§ **Your goal**
Begin at the line containing "建昌圩地處常州金壇西北部直溪" in the entries below and end at the line containing "Apuntes de clase"; transcribe that range exactly and nothing outside it.

§ **Task inputs**
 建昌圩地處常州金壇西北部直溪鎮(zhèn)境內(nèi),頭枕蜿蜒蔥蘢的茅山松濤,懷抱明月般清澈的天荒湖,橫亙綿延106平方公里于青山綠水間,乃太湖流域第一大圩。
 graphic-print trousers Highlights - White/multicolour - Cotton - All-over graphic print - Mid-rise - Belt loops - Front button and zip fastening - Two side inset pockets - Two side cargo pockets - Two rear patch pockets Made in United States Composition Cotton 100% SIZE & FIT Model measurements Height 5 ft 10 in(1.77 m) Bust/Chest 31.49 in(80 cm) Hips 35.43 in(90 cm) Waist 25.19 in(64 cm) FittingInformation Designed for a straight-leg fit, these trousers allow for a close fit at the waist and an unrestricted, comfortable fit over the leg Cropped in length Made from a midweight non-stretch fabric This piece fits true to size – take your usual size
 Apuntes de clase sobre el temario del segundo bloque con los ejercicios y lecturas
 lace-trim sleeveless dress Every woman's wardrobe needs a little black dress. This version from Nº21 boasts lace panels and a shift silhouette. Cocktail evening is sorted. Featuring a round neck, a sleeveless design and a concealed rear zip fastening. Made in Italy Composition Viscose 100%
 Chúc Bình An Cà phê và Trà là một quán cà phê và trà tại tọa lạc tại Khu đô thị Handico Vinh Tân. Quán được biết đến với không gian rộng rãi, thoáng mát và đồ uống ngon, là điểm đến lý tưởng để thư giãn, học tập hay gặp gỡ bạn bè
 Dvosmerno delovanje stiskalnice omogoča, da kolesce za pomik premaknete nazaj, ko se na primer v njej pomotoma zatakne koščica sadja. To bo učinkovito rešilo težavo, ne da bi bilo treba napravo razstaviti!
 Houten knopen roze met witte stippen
--
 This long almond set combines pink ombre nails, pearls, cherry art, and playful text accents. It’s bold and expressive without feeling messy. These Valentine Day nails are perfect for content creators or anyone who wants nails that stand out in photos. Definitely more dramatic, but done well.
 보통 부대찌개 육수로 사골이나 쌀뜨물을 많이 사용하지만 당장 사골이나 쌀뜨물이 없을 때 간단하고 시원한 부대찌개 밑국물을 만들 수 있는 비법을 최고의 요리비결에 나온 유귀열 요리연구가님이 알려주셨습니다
---
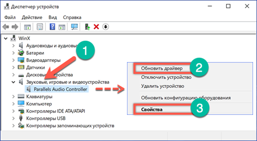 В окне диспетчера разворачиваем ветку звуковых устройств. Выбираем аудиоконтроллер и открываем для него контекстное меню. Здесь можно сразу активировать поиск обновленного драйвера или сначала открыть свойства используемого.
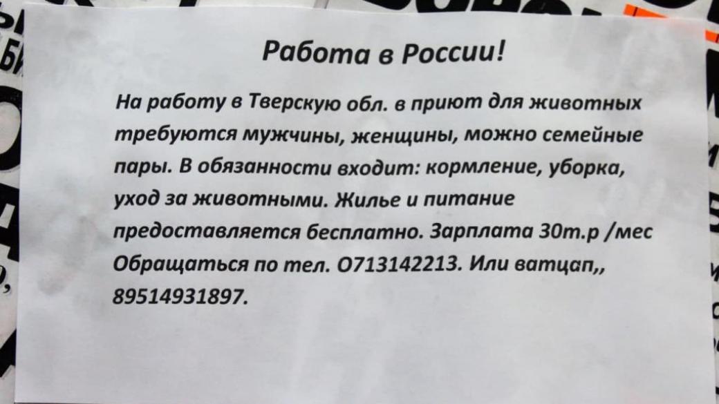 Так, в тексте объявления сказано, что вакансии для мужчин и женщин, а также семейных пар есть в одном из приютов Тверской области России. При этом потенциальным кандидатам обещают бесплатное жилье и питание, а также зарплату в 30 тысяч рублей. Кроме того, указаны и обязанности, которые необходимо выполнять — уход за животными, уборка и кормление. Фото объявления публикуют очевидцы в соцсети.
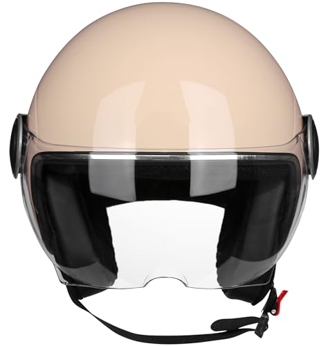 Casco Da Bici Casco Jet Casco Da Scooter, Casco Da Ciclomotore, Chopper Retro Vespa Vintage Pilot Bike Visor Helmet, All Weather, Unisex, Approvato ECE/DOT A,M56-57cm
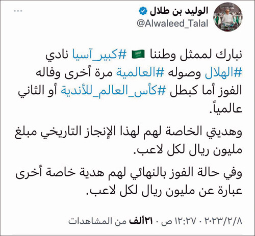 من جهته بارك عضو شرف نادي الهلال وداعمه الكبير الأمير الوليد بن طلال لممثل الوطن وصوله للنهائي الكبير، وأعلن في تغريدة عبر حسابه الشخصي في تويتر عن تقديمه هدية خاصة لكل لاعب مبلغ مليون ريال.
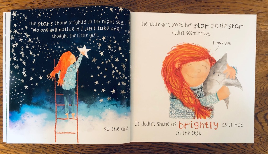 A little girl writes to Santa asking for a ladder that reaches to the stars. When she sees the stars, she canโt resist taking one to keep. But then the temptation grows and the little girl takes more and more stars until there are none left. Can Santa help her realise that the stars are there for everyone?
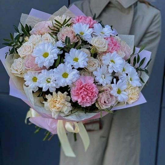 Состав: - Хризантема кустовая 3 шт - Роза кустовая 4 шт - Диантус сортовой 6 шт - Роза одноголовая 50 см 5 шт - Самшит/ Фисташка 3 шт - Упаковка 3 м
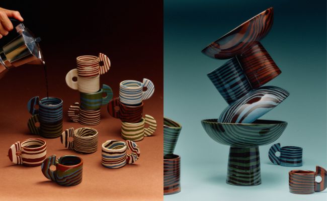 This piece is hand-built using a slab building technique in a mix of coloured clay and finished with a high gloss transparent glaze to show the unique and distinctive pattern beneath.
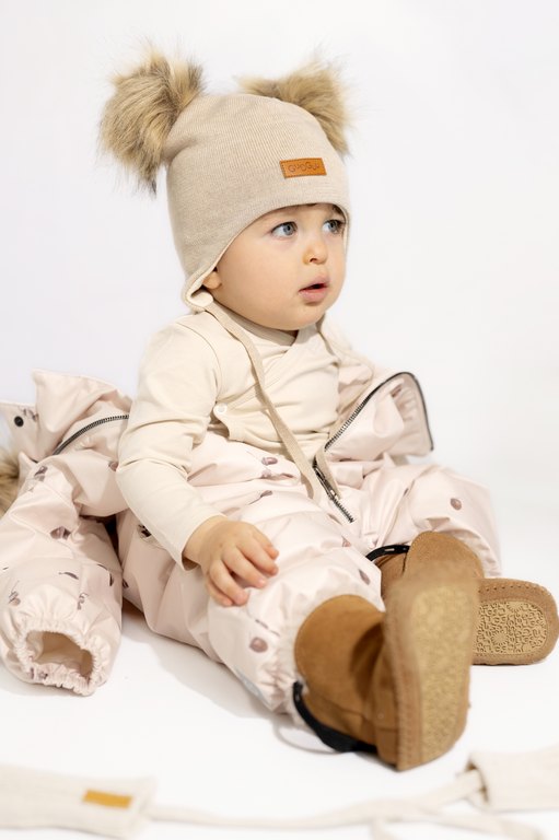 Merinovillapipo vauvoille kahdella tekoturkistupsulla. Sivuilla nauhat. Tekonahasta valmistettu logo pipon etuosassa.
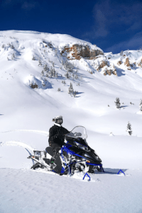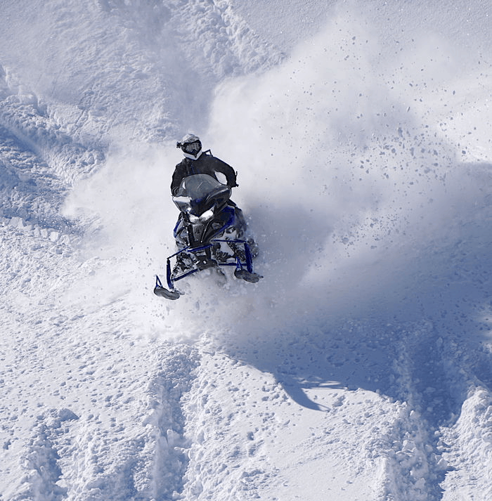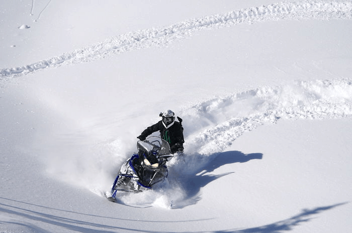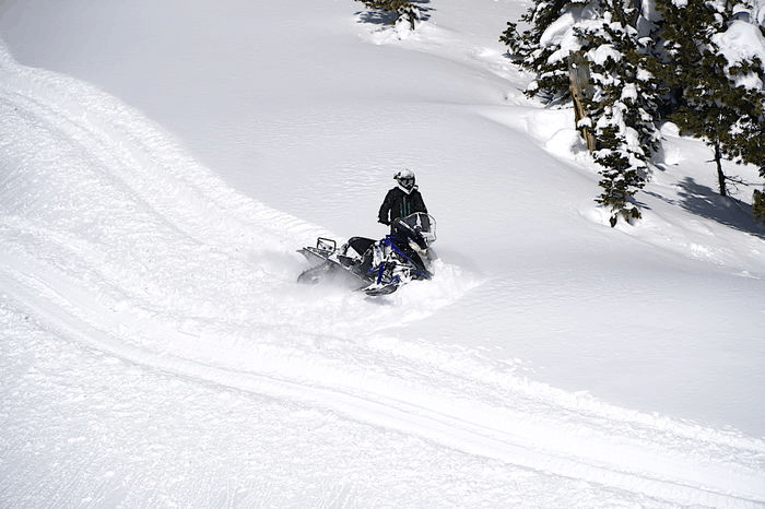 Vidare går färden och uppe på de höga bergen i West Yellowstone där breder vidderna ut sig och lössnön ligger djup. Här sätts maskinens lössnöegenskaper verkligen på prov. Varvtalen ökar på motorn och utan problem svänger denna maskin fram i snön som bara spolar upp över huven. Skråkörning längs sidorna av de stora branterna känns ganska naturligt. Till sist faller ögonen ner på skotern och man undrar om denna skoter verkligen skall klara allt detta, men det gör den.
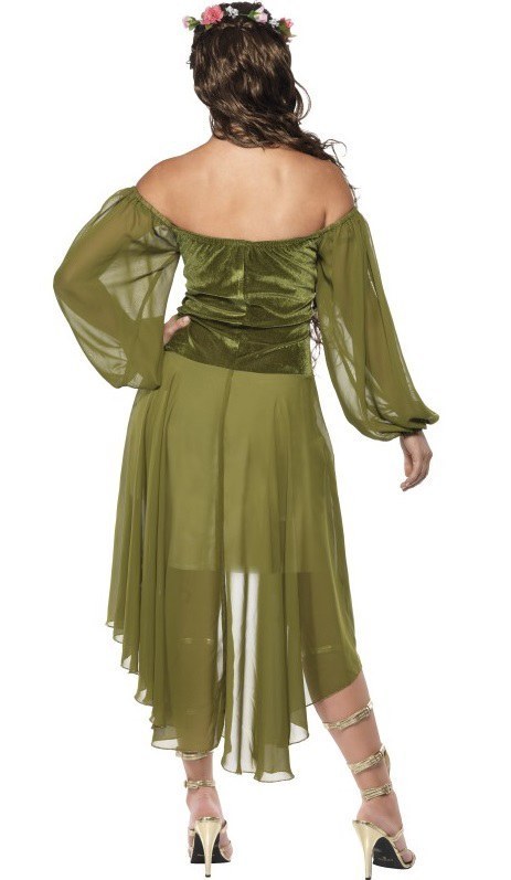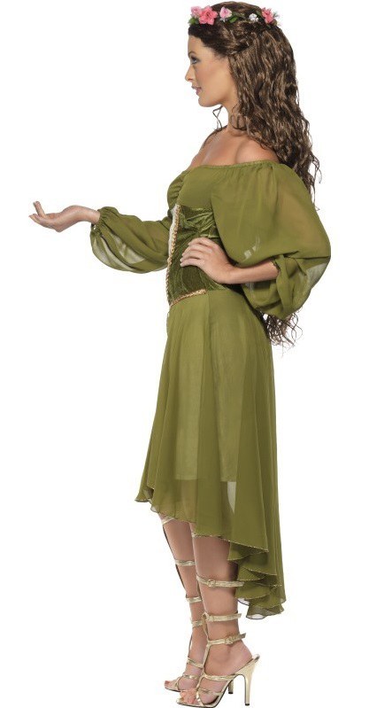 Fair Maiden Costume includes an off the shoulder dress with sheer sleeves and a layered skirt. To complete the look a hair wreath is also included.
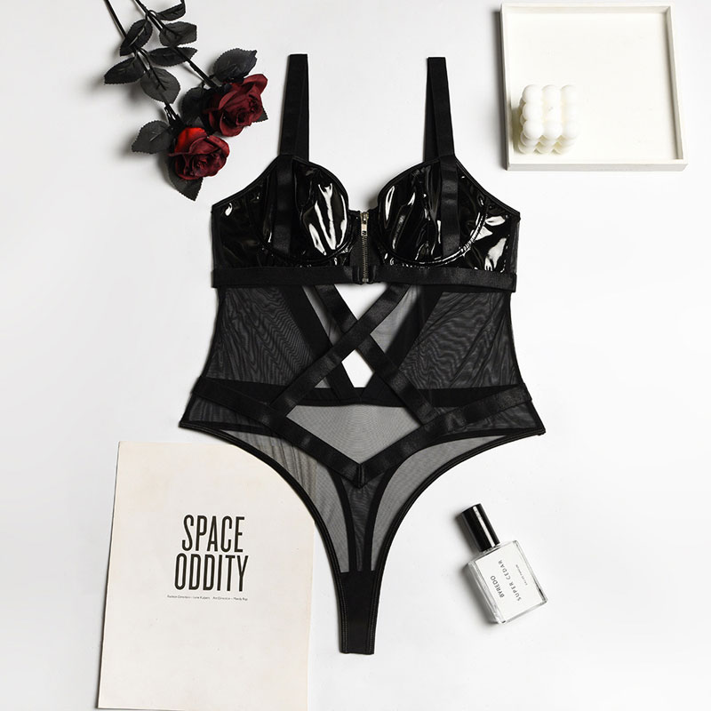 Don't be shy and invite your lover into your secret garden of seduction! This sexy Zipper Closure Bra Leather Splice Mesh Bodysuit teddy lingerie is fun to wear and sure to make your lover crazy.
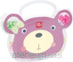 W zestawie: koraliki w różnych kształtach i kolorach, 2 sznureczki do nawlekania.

§ **Exercise answer**
 建昌圩地處常州金壇西北部直溪鎮(zhèn)境內(nèi),頭枕蜿蜒蔥蘢的茅山松濤,懷抱明月般清澈的天荒湖,橫亙綿延106平方公里于青山綠水間,乃太湖流域第一大圩。
 graphic-print trousers Highlights - White/multicolour - Cotton - All-over graphic print - Mid-rise - Belt loops - Front button and zip fastening - Two side inset pockets - Two side cargo pockets - Two rear patch pockets Made in United States Composition Cotton 100% SIZE & FIT Model measurements Height 5 ft 10 in(1.77 m) Bust/Chest 31.49 in(80 cm) Hips 35.43 in(90 cm) Waist 25.19 in(64 cm) FittingInformation Designed for a straight-leg fit, these trousers allow for a close fit at the waist and an unrestricted, comfortable fit over the leg Cropped in length Made from a midweight non-stretch fabric This piece fits true to size – take your usual size
 Apuntes de clase sobre el temario del segundo bloque con los ejercicios y lecturas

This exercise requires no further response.